Procedures that generate multiple specimens are labeled accordingly so the clinician knows where each sample came from. “For example, with a colon biopsy, if only one specimen of several has cancer, the clinician needs to be able to relate that to an anatomical location in the patient,” explains DF/BWCC pathologist George L. Mutter, MD.
In the case of tumors, or localized lesions excised with adjacent tissues attached, visual inspection and measurement to nearest structures — like margins — may be included. These measurements as recorded in the Gross Description are only preliminary, as the pathologist does not yet have the definitive microscopic preparations (slides) required to verify where the actual tumor cells are in the specimen.
The final assessment of tumor extent and margins appears in the Diagnosis section, and may be a bit different from what was suspected grossly.
This is the “take-home message”: the most important section of a pathology report, according to Schnitt. It can be found at the beginning or the end of the report and serves as a concise summary of information from the entire pathology report. It is based on the gross description, microscopic examination, and sometimes special biomarker studies.
It is important to note that each specimen part has its own separate diagnosis. “Read the diagnosis for all parts,” advises Schnitt. “Patients may see in the report that a margin is positive but may not realize that an additional specimen taken from the same margin is negative — which means that the final margin is negative, not positive.”
Reports that include cancer in the specimen will classify the specific tumor type and any additional information, such as tumor distribution (stage), biomarker status, and molecular findings that may be useful in management. Some tumors will be assigned a grade — often numbered from 1 to 3, corresponding to well, moderately, or poorly differentiated — that describes how abnormal the cells look under the microscope. A higher number means the tumor cells are more abnormal.

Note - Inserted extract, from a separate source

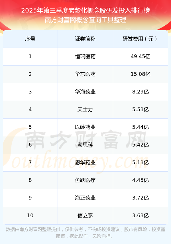 2025年第三季度,老齡化概念股研發(fā)投入排名如下:恒瑞醫(yī)藥(600276)研發(fā)投入總額高達(dá)49.45億,華東醫(yī)藥(000963)和華海藥業(yè)(600521)分別位居第二和第三,天士力(600535)、以嶺藥業(yè)(002603)、海思科(002653)、恩華藥業(yè)(002262)、魚躍醫(yī)療(002223)、海正藥業(yè)(600267)、信立泰(002294)分別進(jìn)入前十,其研發(fā)投入總額分別排名第4-10名。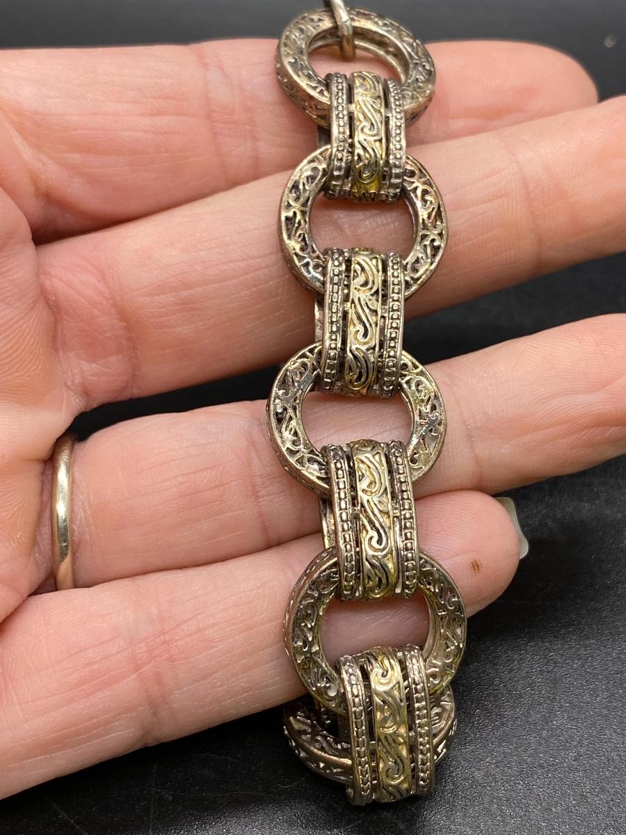 Vintage ASJ sterling silver bracelet. Goldtone vermeil scroll design to the links. About 7.5" size. Weighs 37.1g

Results of specialized marker studies are not typically ready at the time the pathology report is initially issued and are often reported separately.

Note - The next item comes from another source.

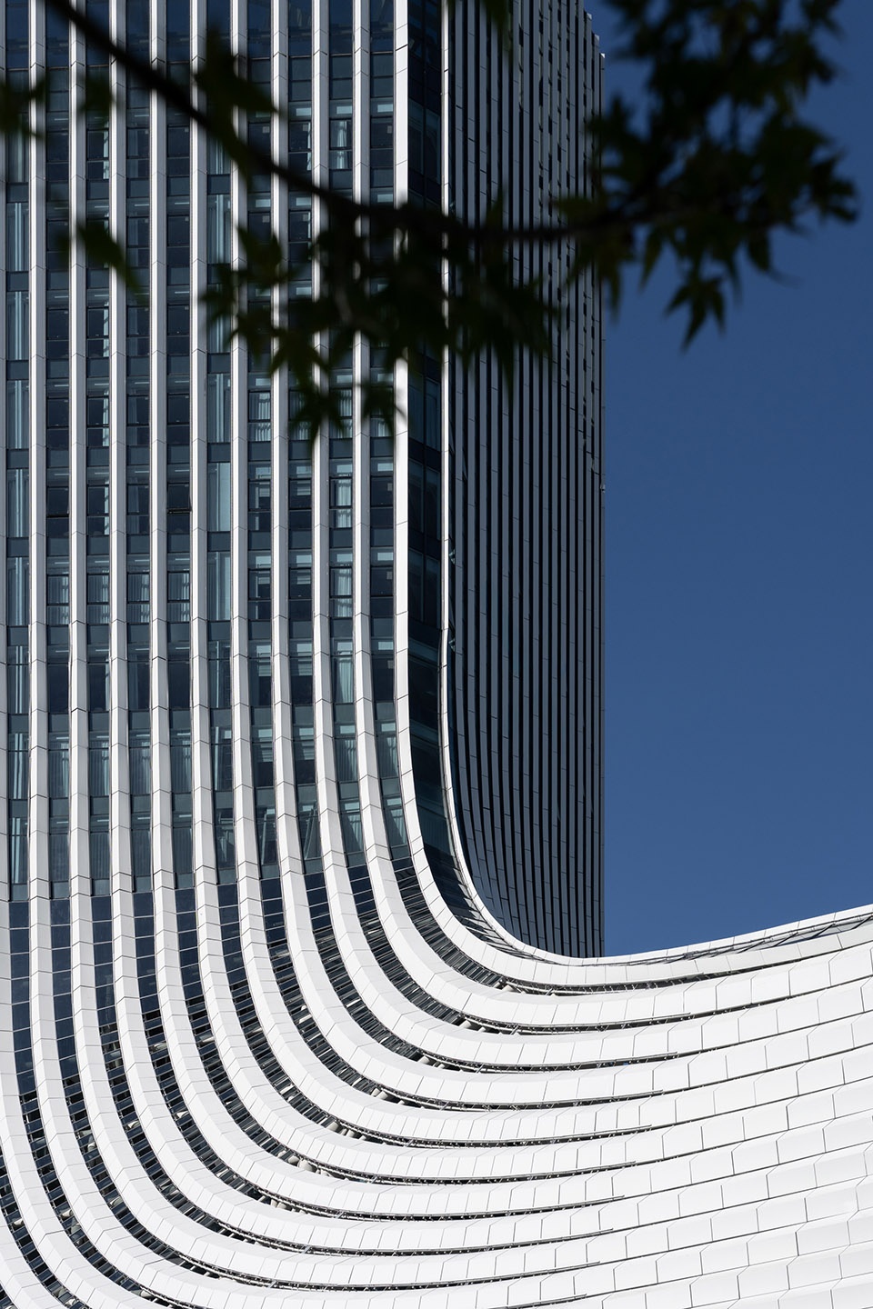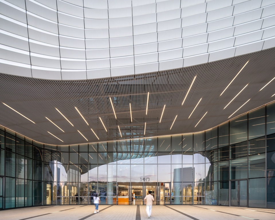 The hotel tower marks a new high point on the north bank skyline. The tower’s atrium suggests a cascading waterfall, forming a sculptural volume through dramatic transitions. The curtain wall, featuring perforated aluminum panels and metal rod grilles, provides dynamic light effects during the day and a distinct illuminated landmark at night.

The pathologist will note if the cancer has spread to nearby lymph nodes or organs if those are submitted for examination. If a lymph node or surgical margin contains cancer, it is labeled as “positive,” and if it does not, it is “negative.”

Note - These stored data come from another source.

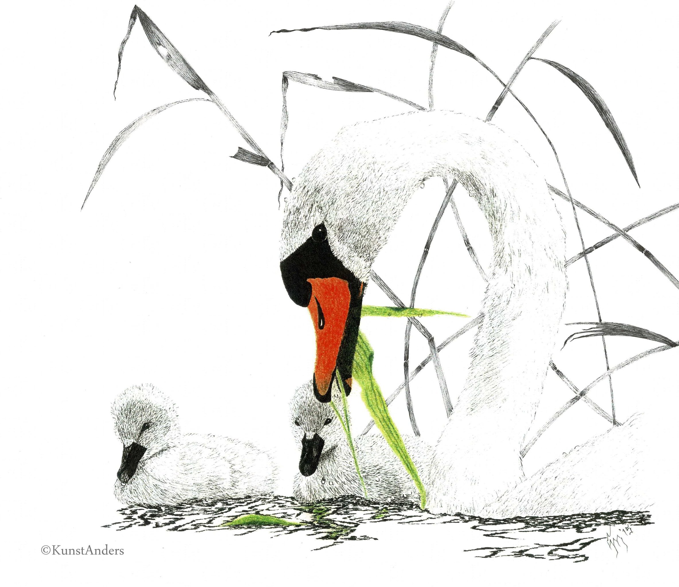 Wildlife Dieren Natuur Geboorte Zwaan Vogels Pentekening Felicitatie Kunstanders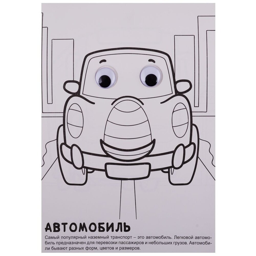 Серия занимательных раскрасок с глазками отлично подойдёт для малышей, которые начинают знакомиться с окружающим миром. На страницах этих раскрасок ребёнка ждут не только симпатичные «глазастые» картинки, которые интересно раскрашивать, но и краткие рассказы о различных животных, насекомых-букашках и транспорте. Рисуйте, читайте, фантазируйте!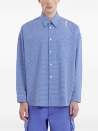 check pattern shirt Highlights - Blue - Virgin wool blend - Button fastening - Classic collar - Embroidered logo at the shoulder - Long sleeves - Chest patch pocket - Straight hem Imported Composition Polyester 53%, Virgin Wool 43%, Elastane 4%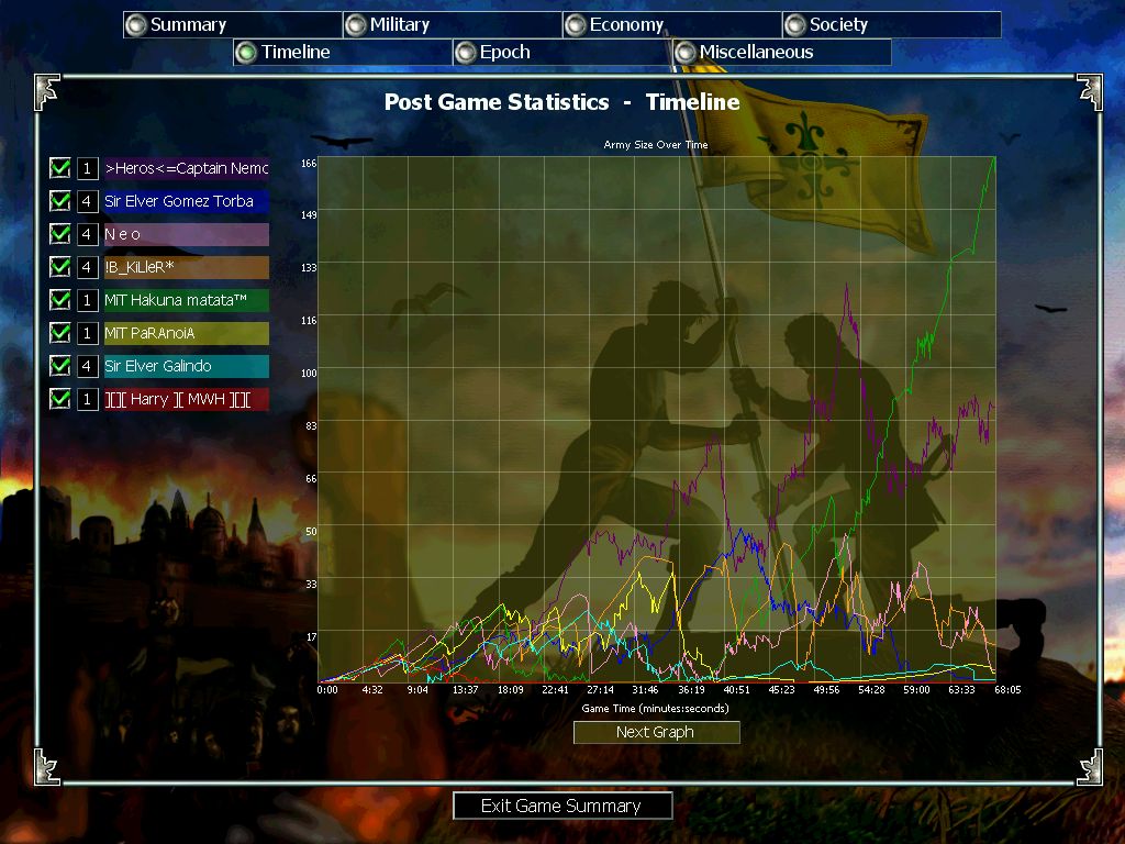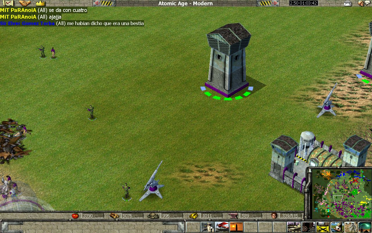 Looking back at the game I think jhon made a mistake trying to stop my big forward instead of perhaps building up a bit more force and then counterattack me. He suffered from too small an army. Killer for some reason wasn't much of a problem. He had some air that I killed and a little ground which came in big bunches, easily killed. His mistake was not going all air and taking out my air advantage (as his ground was completely useless). Neo fought for survival as my troops were constantly attacking his base. Green made a comeback and by the end he proved a little help, though not needed in order to win the game.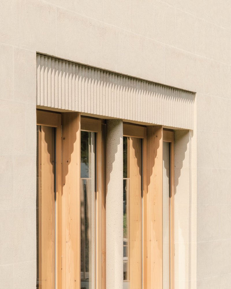 Environmental commitment is central to the project and deliberately expressed through material choices and building performance. Load-bearing stone façades sourced from the Bonneuil-en-Valois quarry—less than 60 km from the site—provide strong thermal inertia while giving the building a sculptural, enduring presence.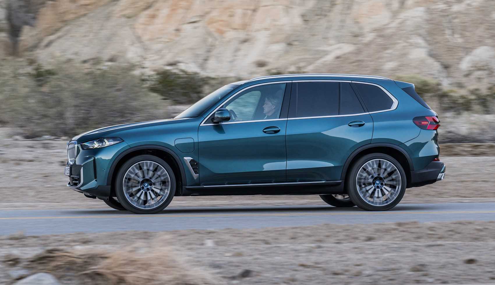 - БМВ Х5 xDrive 50e: заменил собой прошлый xDrive45e. Силовая установка подключаемого гибрида состоит из бензинового 3-литрового турбодвигателя на 313 л. с. (286 сил у прошлой версии) и нового электромотора с увеличенной со 113 до 197 сил мощностью. В итоге суммарно система выдаёт 490 л. с. и 719 Нм крутящего момента, и это значительное улучшение по сравнению с прошлыми показателями (394 л. с. и 612 Нм). До первой «сотни» теперь кроссовер разгоняется за 4,8 секунды, максимальная скорость — 250 км/ч. Аккумулятор ёмкостью 29,5 кВт/ч позволяет проезжать на чистой электротяге 94-110 км. Мощность домашнего зарядного устройства повышена до 7,4 кВт (с 3,7 кВт), в итоге время зарядки сократилось до 4,5 часов.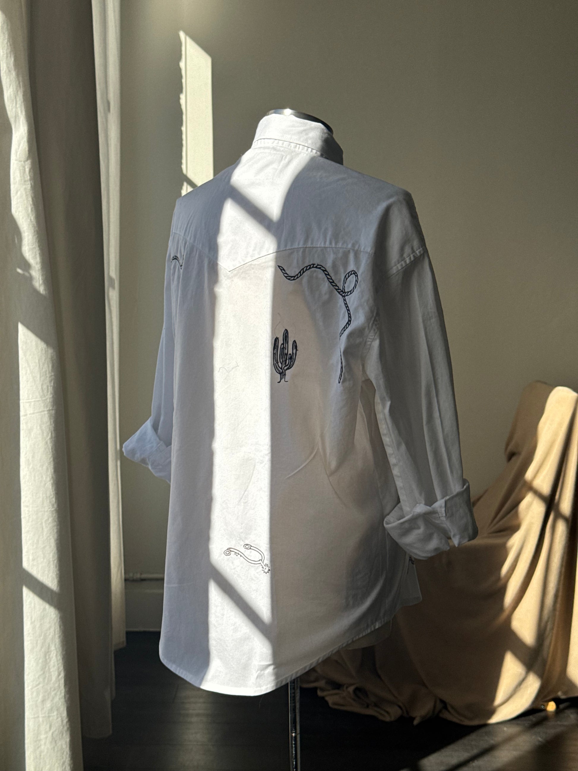 New life, one-of-a-kind shirt, original artwork through embroidered designs.

A recent addition to some pathology reports is “synoptic reporting.” This is an additional, standardized summary of cancer type and stage for surgical resection specimens. The content and format structure, including coded abbreviations, is customized to each tumor type by agreement amongst pathologists worldwide.
Mutter advises readers to “be prepared: these are medical records that are complicated, factual, the language and vocabulary may be very unfamiliar.”
Talk to your doctor if you have any questions about your pathology report. “Don’t take your report to the internet: your doctor is the best person to help you interpret your report,” Mutter says.